Fig. 4 Evaluation results of the glacier service facilities

4.2.4 Tourism market demand

To obtain comprehensive and accurate data, the municipal administrative region was used as the evaluation unit in the tourism market demand analysis, combined with the existing tourist source scale and potential tourist source scale (Fig. 5). The overall market demand scale of Lhasa City was the highest, followed by Nyingchi and Rikaze, and the lowest was in Ngari Prefecture. Among them, Lhasa, Nyingchi, and Rikaze ranked among the top three in the number of tourists received. The number of tourists in Lhasa was much higher than in Nyingchi and Rikaze, and the lowest number of tourists was in Ngari Prefecture. In terms of the scale of potential tourist sources, the total population of Lhasa's external navigable and railway cities was 120.47 million. Concurrently, the glacier tourist area was highly attractive and had the most exuberant tourism market demand.
Fig. 5 Evaluation of the scale of tourism market demand

4.3 Comprehensive evaluation of exploitation suitability

According to the suitability evaluation model of glacier tourism development, all the index layers were superimposed and analyzed, and the results could be divided into four grades: suitable, relatively suitable, barely suitable, and unsuitable exploitation zones. Finally, the suitability zoning map of tourism exploitation of glacier resources in the Tibet Autonomous Region was obtained (Fig. 6).
Fig. 6 Zoning of SAMGT in Tibet

4.3.1 Suitable exploitation zone

The total area of this zone (the dark green color in Fig. 6) is 66200 km2, accounting for 5.39% of the total area of the study area, and it is mainly distributed in eastern Tibet, including Nyingchi, Bomi, Mainling, Gongbo’gyamda, and other sites. The glacier resource endowment in the region was good, the glaciers were relatively large, and it had glacier tourist attractions such as Midui Glacier and Daba Glacier. The distribution of tourism resources around the glaciers was dense, the types were rich and diverse, and the combination of resources was excellent. The climate was warm and humid with high vegetation coverage. Simultaneously, the altitude of this area was low, with most places at approximately 3000 m above sea level, and the accessibility of tourism traffic was high. The development of tourism in the region was relatively mature, and the conditions of infrastructure and tourism facilities such as tourism transportation, food, and accommodation were also relatively perfect.
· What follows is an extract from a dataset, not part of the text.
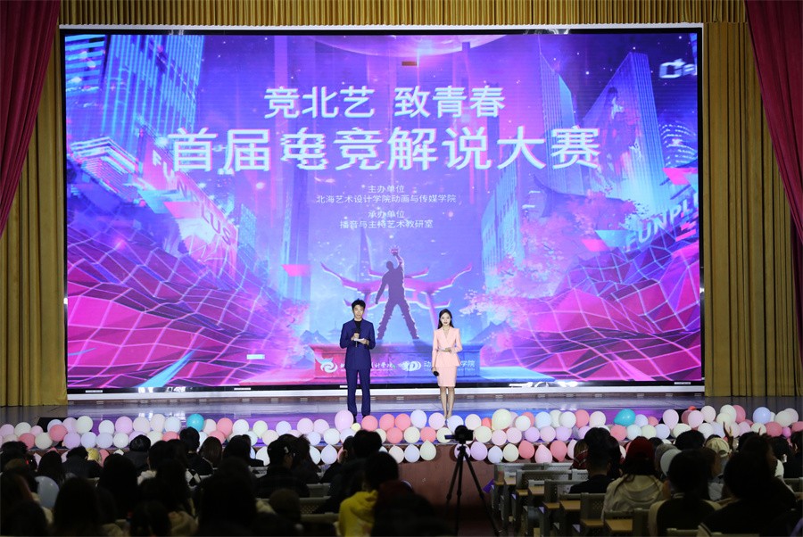 为提升大学生专业素养与艺术创新能力,展现学子青春活力与风采,12月19日晚,动画与传媒学院首届“竞北艺·致青春”电竞解说大赛在西校区大礼堂举行。学校特聘教授王玥、王刚、高亮,动画与传媒学院院长孙永辉、副院长杨红夷等学院领导应邀出席比赛现场。北海市融媒体中心广播电视节目主持人张磊,动画与传媒学院专业教师李剑阁、王荆宇萱担任此次大赛评委。

4.3.2 Relatively suitable exploitation zone

The total area of this zone (the blue color in Fig. 6) is 119900 km2, accounting for 9.76% of the total area of the study area, and it is mainly distributed in central and southern Tibet, in the administrative divisions of Zayu County, Comai County, Qusum County, Basu County, and other places. The scale of glaciers in the area was relatively large, including relatively well-known glacier resources such as Laigu Glacier and 40 other glaciers, and high-grade tourism resources such as the Yarlung Zangbu Grand Canyon National Nature Reserve. In this area, the glacier distribution density and popularity were slightly lower, the level of infrastructure construction was low, the accommodation and tourism service facilities were fewer, high-grade highway traffic was lacking, and the road density was limited.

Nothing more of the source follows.